Gainesville, Fla., post-rockers the Mercury Program opened. Like any band of its ilk, the group's lyric-less ambience is a nightmare to see when there isn't a seat in the house. The band showed a keen awareness of its style by keeping its set confined to six songs. Fortunately, the last one was more compelling than expected, aided by a pulsating bongo beat.
Since Interpol is known both for music and fashion (bassist and former hairstylist Carlos Dengler has said he can't respect a man who doesn't know how to dress), several fans in attendance were appropriately dressed in suits and ties. On the other hand, the surplus of indie-rock kids decked out in one-level-above-homeless-wear probably didn't sit well with his tastes.
On stage, Interpol proved that a live show featuring only one album's worth of material can move an audience as much as a set drawn from an expansive and varied catalog. All but the last track of the group's stellar debut, Turn on the Bright Lights, echoed through the PA, as well as a new song (marred by errant microphone feedback). One other non-album song, called "The Specialist," came from Interpol's self-titled EP.
While the live show offered no significant variations on the recordings, the band's stage prowess has grown a bit since its last area show, in December at the Cotton Club. That performance, part of the group's first North American tour, concluded with drummer Sam Fogarino saying, "You guys are the best audience we have had yet."
While that Interpol was doe-eyed and unsure of itself, just a few months later this Interpol was assertive, even cocky. And why not? Guitarist Daniel Kessler ascended the drum riser, Dengler strummed his bass with jerky, evocative movements, and a keyboardist with art-damaged hair pushed and pulled on his instrument to the point where it almost fell over.
But the real payoff was in finding out where the group's real strengths lie. First among them: the rhythm section. Dengler's pulsating basslines and out-of-this-world solos (check the beginning of "The New") lay perfectly over Fogarino's precise drum work. Interpol's skillful layering of minimalist guitar over the rhythm makes its sound resonate, eating up any space and helping each song reach its cathartic conclusion.

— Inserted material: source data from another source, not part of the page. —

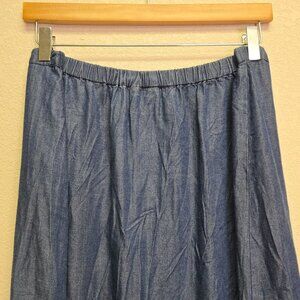 Tags/Keywords: chambray, cottage core, country, boho, feminine, peasant, denim maxi skirt, button down skirt, ruffle hem skirt, women's denim skirt, elastic waist skirt, vintage style skirt, casual maxi skirt, medium size skirt, blue maxi skirt, classic denim skirt, long button skirt, cotton ruffle skirt, lightweight denim skirt
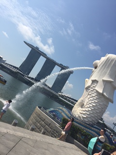 有名な観光地で次々人が来ますが、マーライオンしかなく写真を撮り終えると去っていくので込み合った感じはしませんでした。近くに小型のマーライオンもあります。どちらもできて45年だそうです。マリーナベイサンズを背景に入れて写真が撮れました。
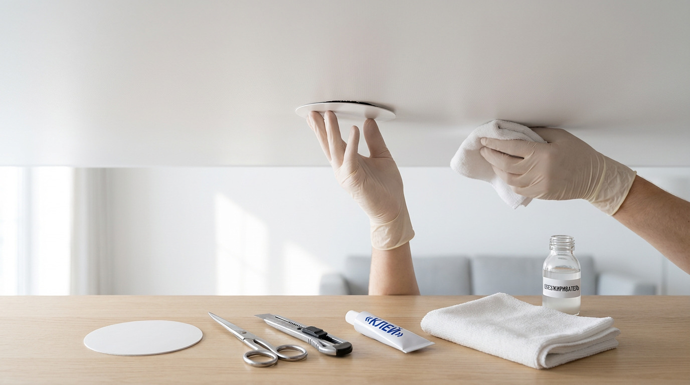 Алгоритм один: разметить центр, наклеить термокольцо на ПВХ, аккуратно вырезать отверстие внутри кольца и установить выбранный элемент по инструкции. Кольцо снимает нагрузку с краёв и защищает от новых трещин.
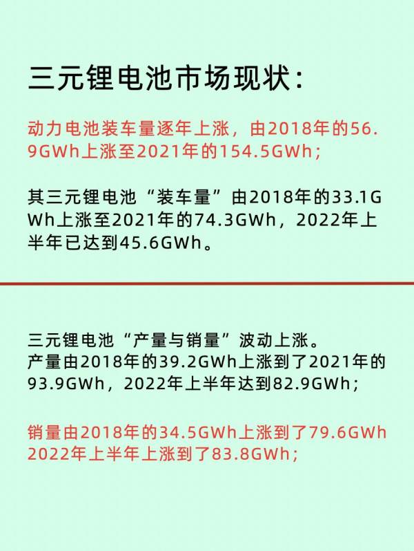 动力电池装车量逐年上涨,由2018年的56.9GWh上涨至2021年的154.5GWh;其三元锂电池“装车量”由2018年的33.1GWh上涨至2021年的74.3GWh,2022年上半年已达到45.6GWh。三元锂电池“产量与销量”波动上涨。产量由2018年的39.2GWh上涨到了2021年的93.9GWh,2022年上半年达到82.9GWh;销量由2018年的34.5GWh上涨到了79.6GWh、2022年上半年上涨到了83.8GWh。
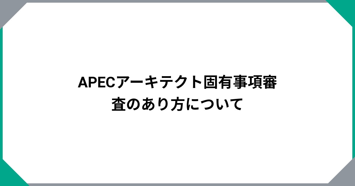- 固有事項審査を適用する者は、固有事項審査に基づく相互認証に合意したエコノミーのアーキテクト資格を有するAPECアーキテクトとすること。
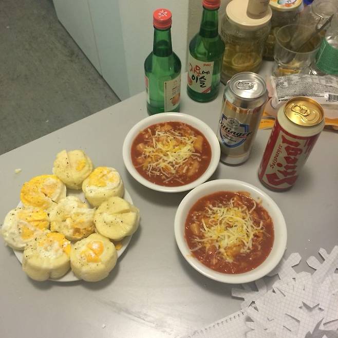 기숙사 파티는 서로 음식을 해오다보니 자기 나라 음식을 해오는 경우가 많았어요. 이탈리아 친구의 초코 파스타부터 프랑스 친구의 마카롱, 당근 케이크 그리고 우리의 계란빵과 떡볶이 까지 ㅋㅋㅋㅋㅋ 계란빵은 저의 작품입니다. 맛은 별...로였지만 해본 거에 의의를 두며... 떡볶이도 해갔지만 우리가 다먹음ㅎㅎ

The show's only shortcomings: Singer Daniel Kessler's vocals were frequently not high enough in the mix, and the crowd -- judging by the absence of a Fogarino accolade -- was not one the band will particularly remember. Too many T-shirts and jeans, perhaps?
-- Nikhil Swaminathan
Last week, CL ran a story about the peaceful, orderly lines that form days in advance of each Bruce Springsteen concert. The lines are for the 300 coveted spots in the "pit," that area right in front of the stage.
But the Wednesday before Springsteen's Altanta-area show Feb. 26, management at the new Gwinnett Center Arena in Duluth announced they would not honor the fan-run line. Whether the idea came from the arena or Springsteen's people is still in question.
At any rate, the arena handed out 100 purple wristbands on Thursday at noon, causing a mad rush by the fans who'd been standing in line for days. Those who didn't get a wristband wrote their names down on a list; they were given a wristband Friday at noon. Hundreds more lined up for the remaining few dozen spots still available. The word "clusterfuck" was overheard often outside the arena.
That wasn't all, though. To determine the order of the 300 lucky pit winners, the arena had fans draw a number out of a bucket Friday afternoon. From then until they were let into the arena, the only proof you had a place in line was a piece of paper with a number written on it in Sharpie.
"Nobody was happy," says Andrew Wicks, who ended up scoring one of the lucky 300 spots.
Perhaps not surprisingly, Springsteen's next stop -- Sunday in Austin, Texas -- saw the return of the fan-run line. There's something to be said about not fixing something that ain't broken.